念剣のトリガーを引き、乱暴に振るう信之。斬撃に割れた空間から出でたのは、怪人体ではなく、英雄としての装甲を纏った信之であった。
信長をモチーフとする信玄の装甲とは完全に違い、腰には森蘭丸の愛刀である、短刀『不動行光』を佩刀、信長のものよりもその時代の武士の鎧らしい、具足モチーフの装甲。顔を覆う頭部装甲も、目元のみクリアパーツとなっており、それ以外はオレンジラインの入った漆黒の兜。
漆黒をベースに、オレンジのラインが入ったアンダースーツは兄弟共通で、まるで炎が静かに揺らめいているような、そんな意匠が所々に施されている。本能寺で焼死した、とされる彼らしい胴具足であった。
「――この状況を言い表すなら、『変身』って言うべきなんだろうが……今の俺には英雄らしい言葉は似合わねえ。今の俺は……怒りに打ち震えている。とてもじゃあねェが、
「おかしい……おかしいです! 貴方は英雄では無いはず! 貴方のような社会のゴミ風情が、そうあっていいはずがありません!」
その発言で、再び怒りが頂点に達し。唯一むき出しの顔面を、風の守りだとか女であるだとか、そういったことを一切関係なしに、雄叫びを上げながらフルパワーで殴り飛ばす。数棟のビルを倒壊させる勢いで、派手に吹き飛んだ成田は、状況が飲み込めずにいた。
(――必ず、アンタは地上に連れて帰る。その時まで……待っていてくれ)
静かに河本の亡骸を抱きしめると、そのビルの屋上に死体を置いたまま成田の方へ跳躍し、高速移動。

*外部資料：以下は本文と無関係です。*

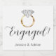 De här anpassningsbarna med vin-etiketter säger Engaged! tillsammans med en guld-banderad vit diamant förlovning ring och bruden och groomerna namn på grund. Perfekt för en förlovningsfest!
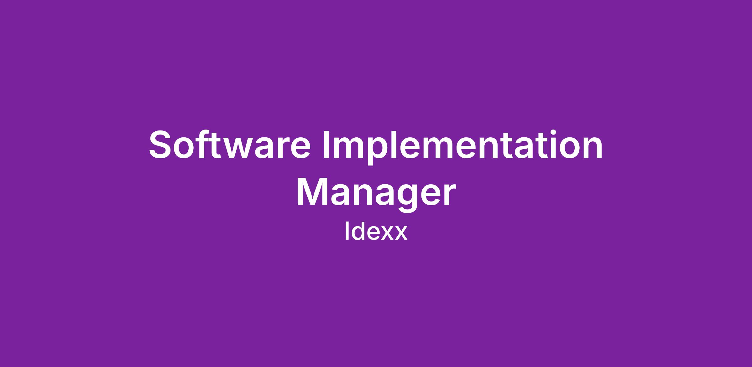 IDEXX is hiring for a Software Implementation Manager. In this role, you will be responsible for leading a team of Veterinary Software Specialists who implement our premium software product, ezyVet, to animal hospitals. This people leader will be responsible for fostering a high-performing team, retain top talent through building a world-class culture, ensure members are educated on product and workflow best practices, and encourage employees to perform their best in helping our customers achieve their desired outcomes while onboarding our software. The leader will work within the functional leadership team to provide continuous process improvement increasing efficiency and positive outcomes for the employee, customer and company.
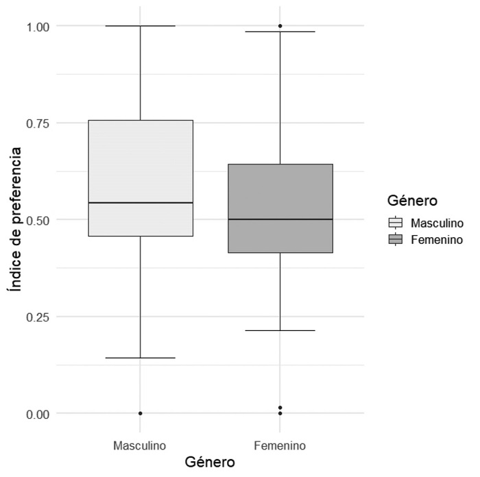 Dentro de un modelo tradicional se podría esperar que los hombres obtuvieran valores en el índice de preferencias de lo público-privado de entre 0.5 y 1, muy cercanos a la unidad, y las mujeres de entre 0 y 0.5, cercanos a cero. Para ambos géneros, los valores encontrados cercanos a 0.5 hablan de un equilibrio entre lo público-productivo y lo privado-reproductivo.
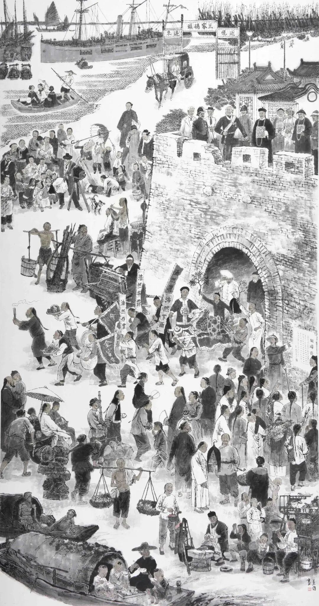 土山湾位于徐家汇南端,肇嘉浜在此拐弯,因疏浚河道,堆土成“山”而得名。奚文渊此次画《土山湾》,在作品画面处理上尤为精细。考虑到要表现的内容较多,画面驳杂,几经构思,最后确定用三联画的形式来予以表现。作品左右两联以线描为主,并以赭墨铺底,着意于营造出一种年代感;中间一联则以水墨为主,与左右两联形成技法上对比,给人以不同的质感。

彼女が倒れているその場近くで仁王立ちしていた。
「お前のような、一方の利のために一方をこき下ろすってクソな考え……かつての自分を見ているようで腹が立つ。俺が、テメェの腐りきった性根……叩きなおしてやるよ!!」
「そんなことはありません! 英雄がどの物語においても、完全なる正義であることはゆるぎない事実です! やり過ぎなんて概念は存在しません! 悪は、滅ぼすまで潰し続けるのみです!!」
英雄としての装甲を纏い、怒りによって覚醒した信之と、正義のためなら何をやっても許されると考える成田の、真なる正義を見つけるための第二ラウンドが始まったのだった。